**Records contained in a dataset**

====

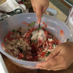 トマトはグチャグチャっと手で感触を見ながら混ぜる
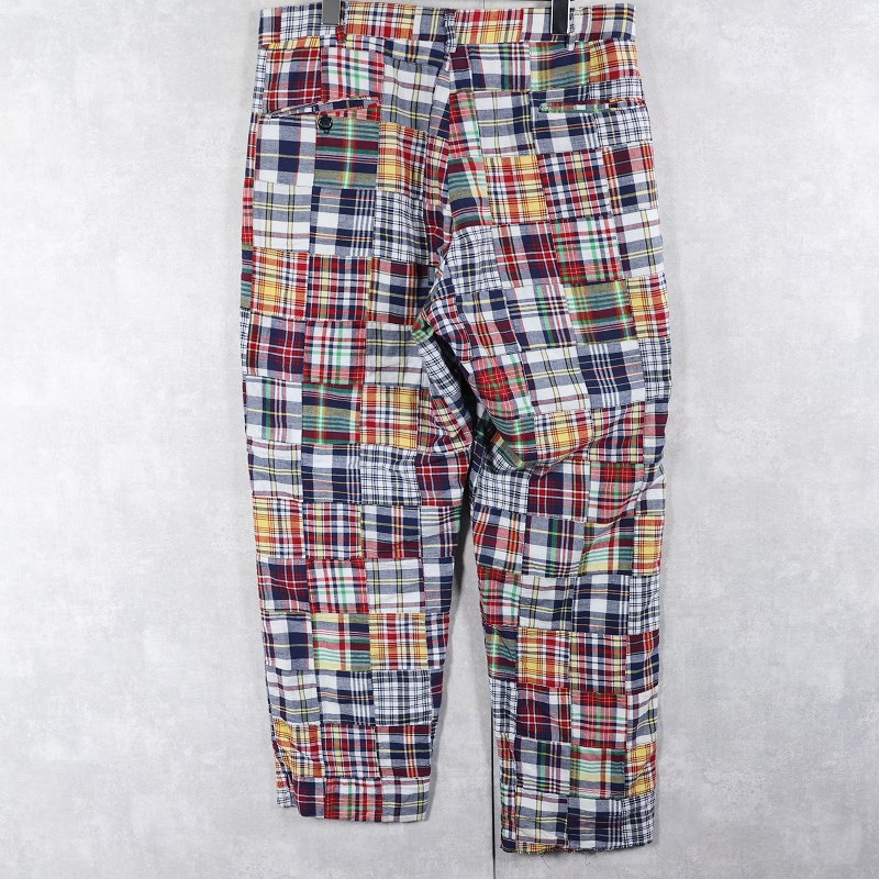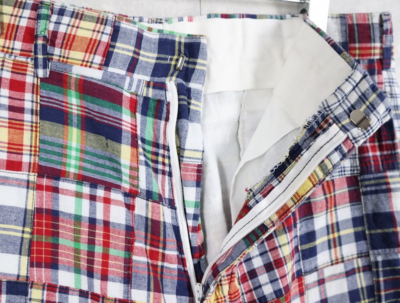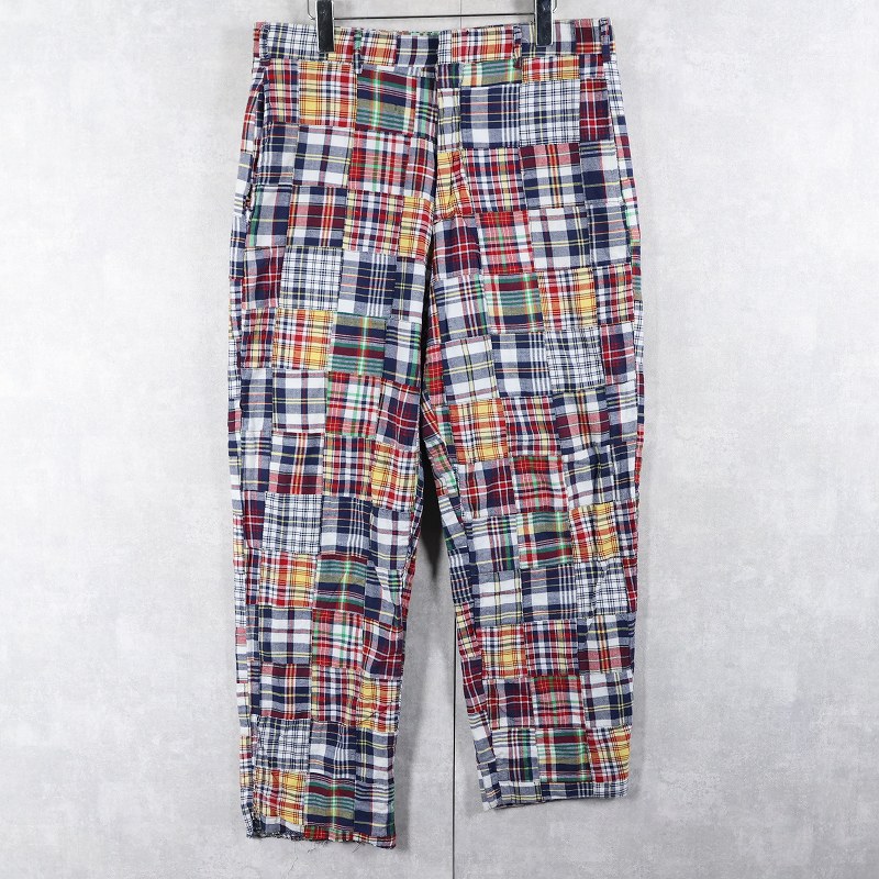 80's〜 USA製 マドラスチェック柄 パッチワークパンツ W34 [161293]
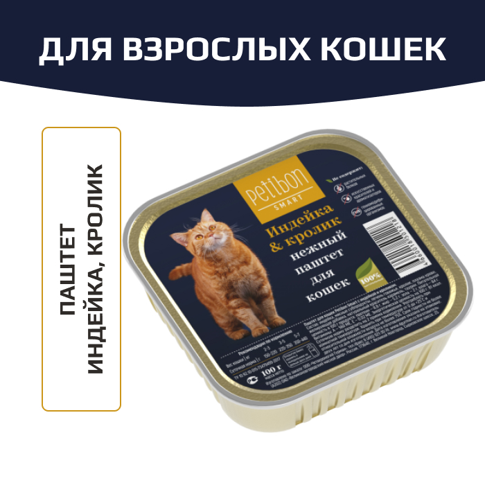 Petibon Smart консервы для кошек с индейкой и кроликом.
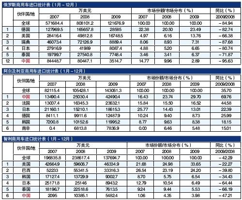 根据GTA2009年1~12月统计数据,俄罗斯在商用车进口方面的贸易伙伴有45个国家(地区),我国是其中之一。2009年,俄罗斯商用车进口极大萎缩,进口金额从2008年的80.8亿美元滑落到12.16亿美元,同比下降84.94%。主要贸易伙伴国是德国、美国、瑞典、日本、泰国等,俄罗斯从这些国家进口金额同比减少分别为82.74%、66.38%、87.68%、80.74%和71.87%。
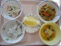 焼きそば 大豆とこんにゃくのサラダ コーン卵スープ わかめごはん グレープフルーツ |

====

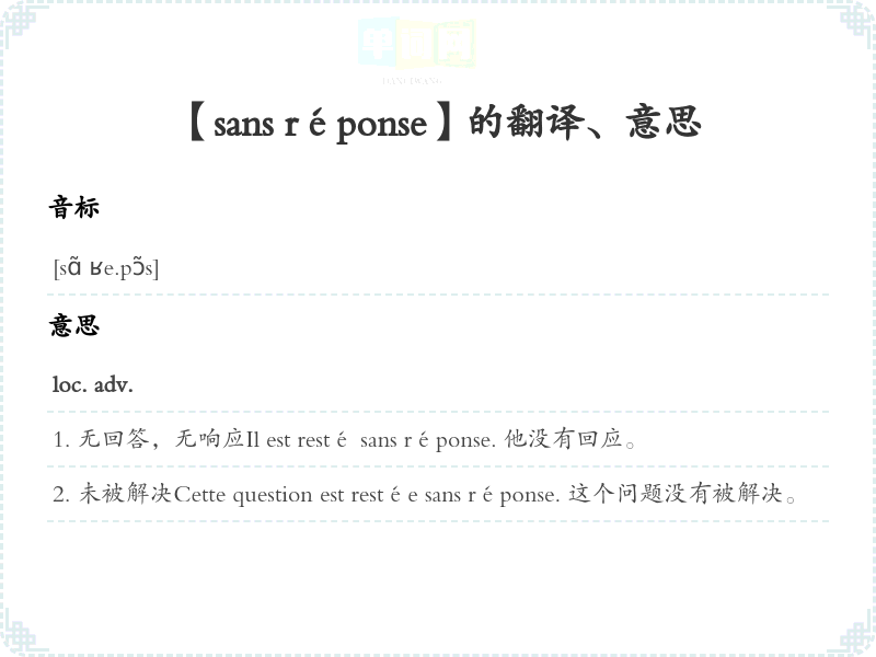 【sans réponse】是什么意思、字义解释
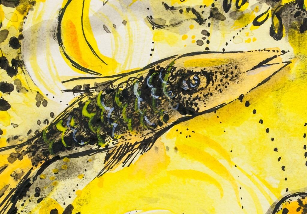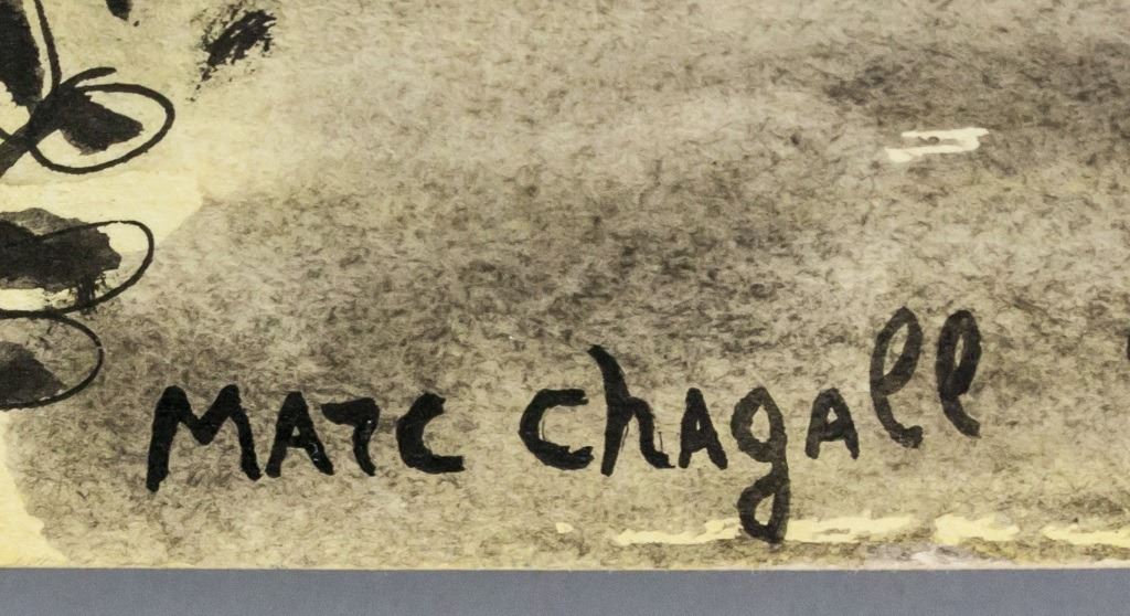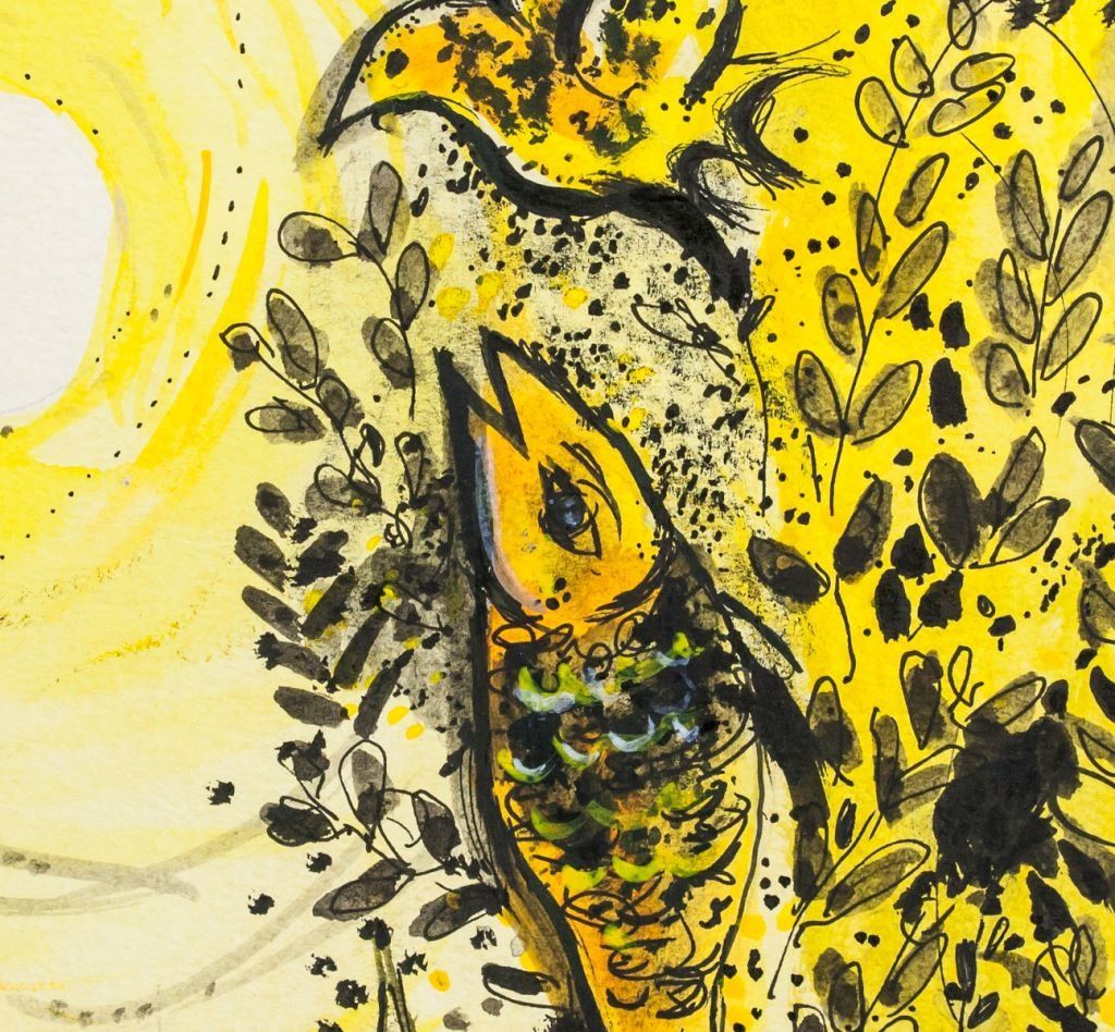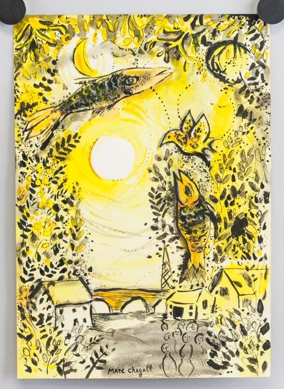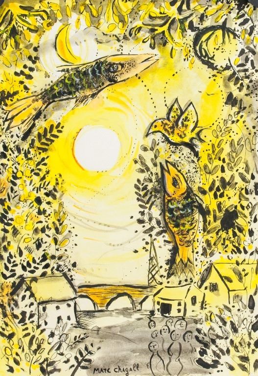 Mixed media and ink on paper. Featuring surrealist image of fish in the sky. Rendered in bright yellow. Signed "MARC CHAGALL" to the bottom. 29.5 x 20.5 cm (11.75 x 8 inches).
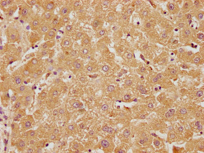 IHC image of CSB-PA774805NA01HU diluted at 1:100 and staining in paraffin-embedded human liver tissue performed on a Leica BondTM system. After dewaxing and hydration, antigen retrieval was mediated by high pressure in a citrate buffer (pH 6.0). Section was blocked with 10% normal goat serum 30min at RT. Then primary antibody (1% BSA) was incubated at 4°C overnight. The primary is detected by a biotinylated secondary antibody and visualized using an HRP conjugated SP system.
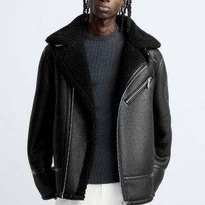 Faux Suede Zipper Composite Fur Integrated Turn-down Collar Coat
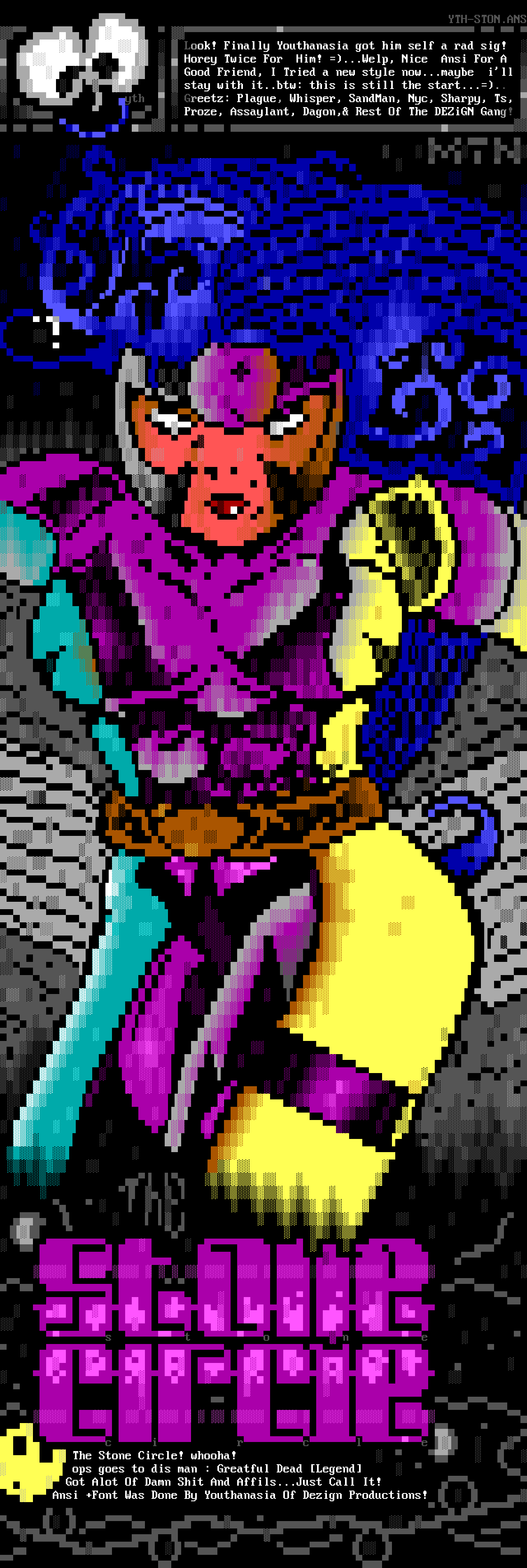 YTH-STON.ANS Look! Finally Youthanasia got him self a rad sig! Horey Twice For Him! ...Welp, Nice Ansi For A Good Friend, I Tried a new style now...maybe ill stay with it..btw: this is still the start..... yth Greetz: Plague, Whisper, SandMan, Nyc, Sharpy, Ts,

====

**Exercise details**
Only one stretch of the data is wanted: write out exactly the lines from the one holding "トマトはグチャグチャっと手で感触を見ながら混ぜる" through the one holding "焼きそば 大豆とこんにゃくのサラダ コーン卵スープ わかめごはん グレープフルーツ |", both included, without the pictures.

**Result**
 トマトはグチャグチャっと手で感触を見ながら混ぜる
 80's〜 USA製 マドラスチェック柄 パッチワークパンツ W34 [161293]
 Petibon Smart консервы для кошек с индейкой и кроликом.
 根据GTA2009年1~12月统计数据,俄罗斯在商用车进口方面的贸易伙伴有45个国家(地区),我国是其中之一。2009年,俄罗斯商用车进口极大萎缩,进口金额从2008年的80.8亿美元滑落到12.16亿美元,同比下降84.94%。主要贸易伙伴国是德国、美国、瑞典、日本、泰国等,俄罗斯从这些国家进口金额同比减少分别为82.74%、66.38%、87.68%、80.74%和71.87%。
 焼きそば 大豆とこんにゃくのサラダ コーン卵スープ わかめごはん グレープフルーツ |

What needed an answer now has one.